Example (Binary Kelp Detection):

# Assuming labels: 0=background, 1=noise, 2=kelp
# Remap to: 0→0 (bg), 1→-100 (ignore noise), 2→1 (kelp)
python -m src.prepare.make_chip_dataset \
  /data/kelp_raw \
  /data/kelp_chips_224 \
  --size 224 \
  --stride 224 \
  --num_bands 3 \
  --remap 0 -100 1

Example (Multi-class Kelp Species):

# Assuming labels: 0=background, 1=noise, 2=macrocystis, 3=nereocystis
# Remap to: 0→0 (bg), 1→-100 (ignore noise), 2→1 (macro), 3→2 (nereo)
python -m src.prepare.make_chip_dataset \
  /data/kelp_species_raw \
  /data/kelp_species_chips_1024 \
  --size 1024 \
  --stride 1024 \
  --num_bands 3 \
  --remap 0 -100 1 2

This creates NPZ files containing compressed image and label arrays in:

output_dir/
├── train/
│   ├── mosaic_01_0.npz
│   ├── mosaic_01_1.npz
│   └── ...
├── val/
│   └── ...
└── test/
    └── ...

3. (Optional) Clean Up Dataset

Remove unwanted chips to balance your dataset:

Remove background-only tiles:

python -m src.prepare.remove_bg_only_tiles /data/kelp_chips_224/train
python -m src.prepare.remove_bg_only_tiles /data/kelp_chips_224/val
python -m src.prepare.remove_bg_only_tiles /data/kelp_chips_224/test

This removes chips where all pixels are background (label ≤ 0), which is useful to reduce class imbalance.
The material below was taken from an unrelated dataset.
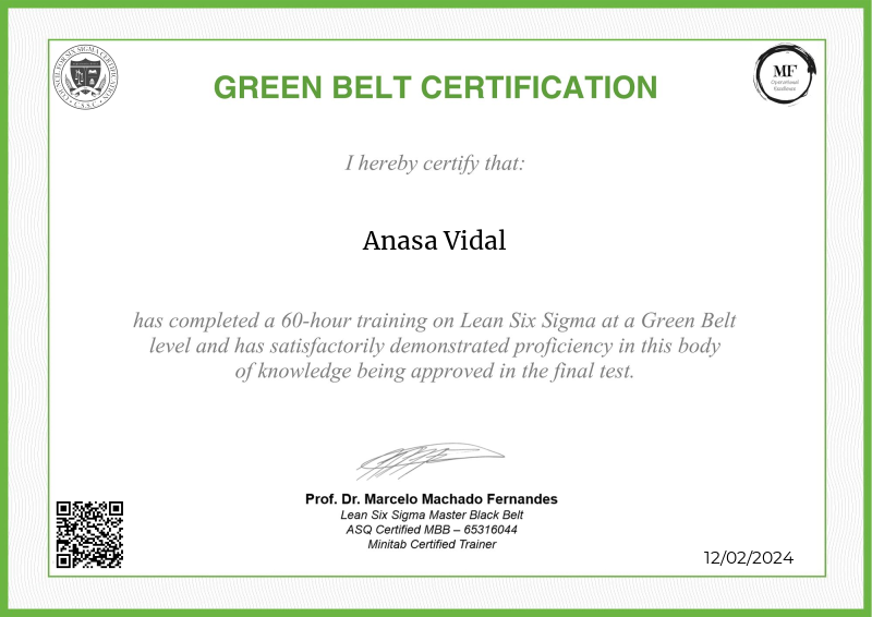 Exploring the principles of Lean Six Sigma, the Green Belt certification offered by MF OPEX, under the mentorship of Professor Marcelo Fernandes, represents a pivotal step forward in operational excellence training. Equipped with an extensive curriculum blending advanced theories with hands-on application, participants not only deepen their understanding of process optimization, advanced data analysis, and project leadership but also become adept at spearheading Lean Six Sigma projects. Professor Fernandes' esteemed guidance enriches the program with cutting-edge methodologies, empowering learners to drive substantial improvements within their organizations. Serving as a significant milestone in professional development, this certification not only qualifies individuals to lead larger-scale projects but also instills the confidence and expertise needed to enact transformative change across diverse industry landscapes.

Remove tiles with nodata areas:

python -m src.prepare.remove_tiles_with_nodata_areas /data/kelp_chips_224/train --num_channels 3
python -m src.prepare.remove_tiles_with_nodata_areas /data/kelp_chips_224/val --num_channels 3
python -m src.prepare.remove_tiles_with_nodata_areas /data/kelp_chips_224/test --num_channels 3

This removes chips containing all-black pixels (assumed to be nodata areas from mosaicking).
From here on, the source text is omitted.